Description
Given a binary array, find the maximum number of consecutive 1s in this array.
Example:
Input: [1,1,0,1,1,1]
Output: 3
Explanation: The first two digits or the last three digits are consecutive 1s.
The maximum number of consecutive 1s is 3.
Note:
The input array will only contain 0
and 1
.
The length of input array is a positive integer and will not exceed 10,000
Analysis
解法一:循环查找连续全1子序列,以全1子序列的首尾座标的差(程序中是以全0子序列的首-全1子序列的首得到的)中的最大值作为结果。

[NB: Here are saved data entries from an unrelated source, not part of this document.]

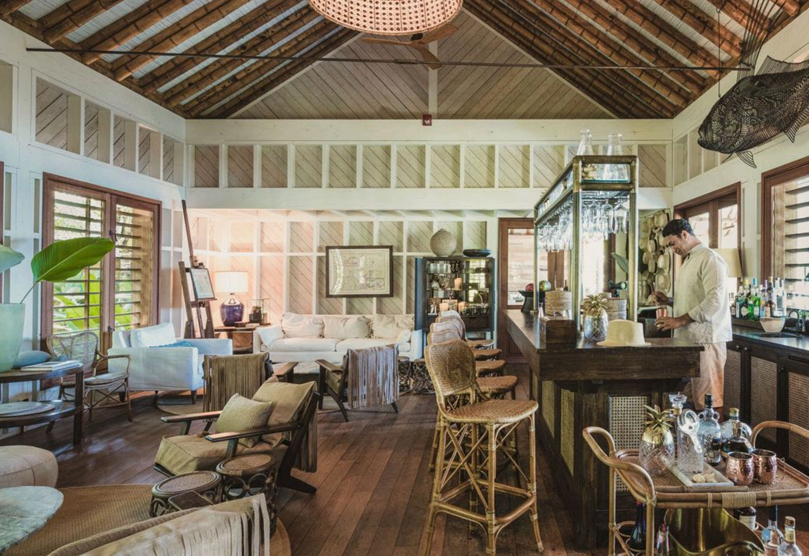
Islas Secas – Bar Lounge
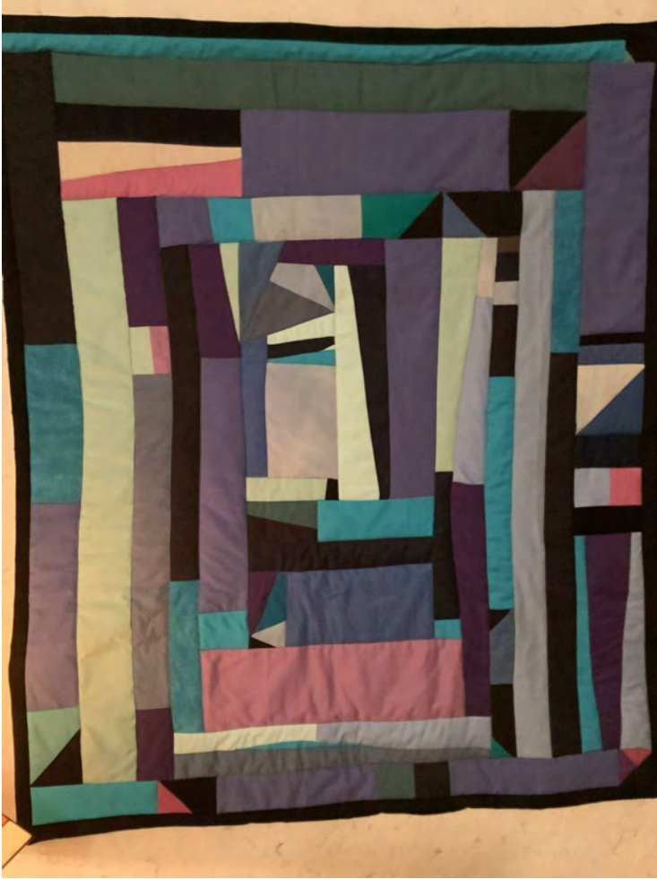
Improv wall hanging by Betsy Sweeney
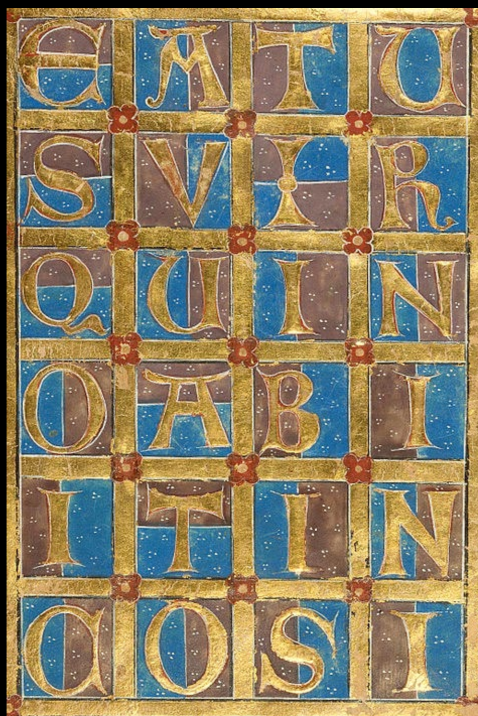
Text of Psalm 1 Manuscript leaf, Getty Center, Los Angeles, CA
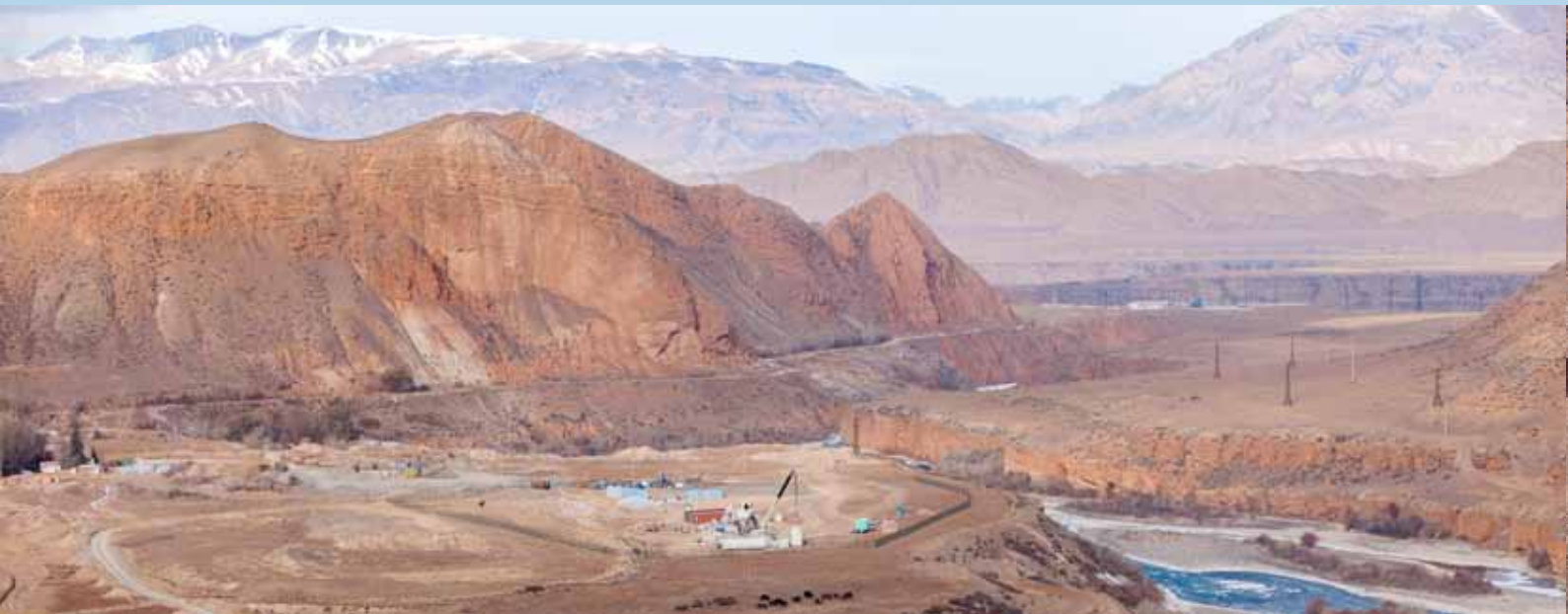
Panoramic view of the concrete batching plant and stone crusher location.
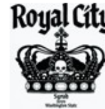
Charles Smith 2006 Royal City Syrah (Columbia Valley (WA))
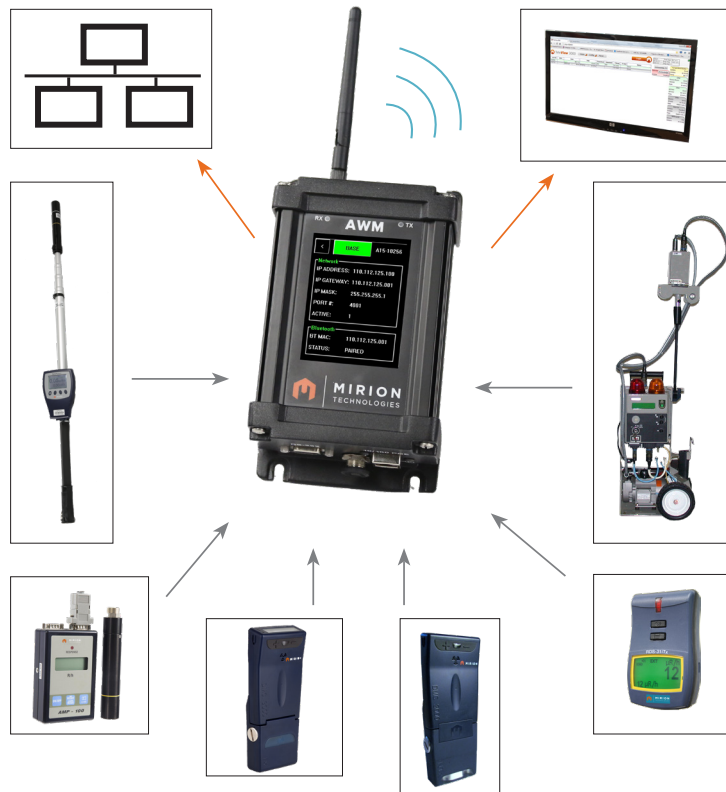
AWM and Mirion Telemetry Network
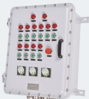
HRMD91 Explosion-proof Distribution Panels
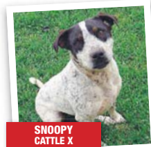
SNOOPY CATTLE X
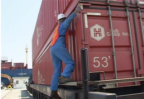
Prevent fall by locking & unlocking from the ground with a pole.

The 6601-6961-L design is a result of many years of studying typical damages to rail IBCs. We'd like to point out the following facts that make this IBC the leading industry choice:
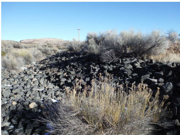
North Diversion Channel, Section NDC-2 Typical East Slope Condition (12/14/13)
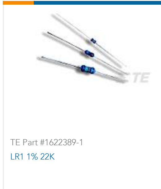
TE Part #1622389-1 LR1 1% 22K
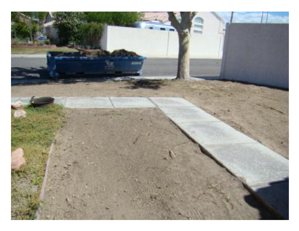
A before photo of Margie Klein's yard

This past year, I had to retrofit my landscape. The traditional green lawn was swallowing up too much water. Not only was it a gluttonous use of the precious water resource, but also water rates had been jacked up to unaffordable costs. True, my husband and I could afford our lush sanctuary when we were working, but now with both of us retired, cutbacks had to be made. Furthermore, the increasingly hot and brutal climate forced our hands.

解法二:思路类似,全1子序列的元素的和就是长度,故直接不断循环求和比较即可。
解法三:思路同解法二,区别在于利用a * 1 = a
,a * 0 = 0
这样的特点,用乘法代替了if分支,循环体行数减少。
Code
Version 1
class Solution {
public:
int findMaxConsecutiveOnes(vector<int>& nums) {
int i = 0, result = 0, temp = 0;
while (i < nums.size()){
while (nums[i] == 0 && i < nums.size()) i++;
temp = i;
while (nums[i] == 1) i++;
result = max(result, i - temp);
}
return result;
}
};
Version 2
class Solution {
public:
int findMaxConsecutiveOnes(vector<int>& nums) {
int result = 0, temp = 0;
for (int i = 0; i < nums.size(); i++){
if (nums[i] == 1){
temp++;
result = max(result, temp);
}
else temp = 0;
}
return result;
}
};
Version 3
class Solution {
public:
int findMaxConsecutiveOnes(vector<int>& nums) {
int result = 0, temp = 0;
for (int i = 0; i < nums.size(); i++){
temp = (temp + nums[i]) * nums[i];
result = max(result, temp);
}
return result;
}
};
Appendix
- Link: https://leetcode.com/problems/max-consecutive-ones/
- Run Time:
- Version 1: 46ms
- Version 2: 35ms / 52ms / 36ms
- Version 2: 46ms
I ran Version 2 three times and got three different results…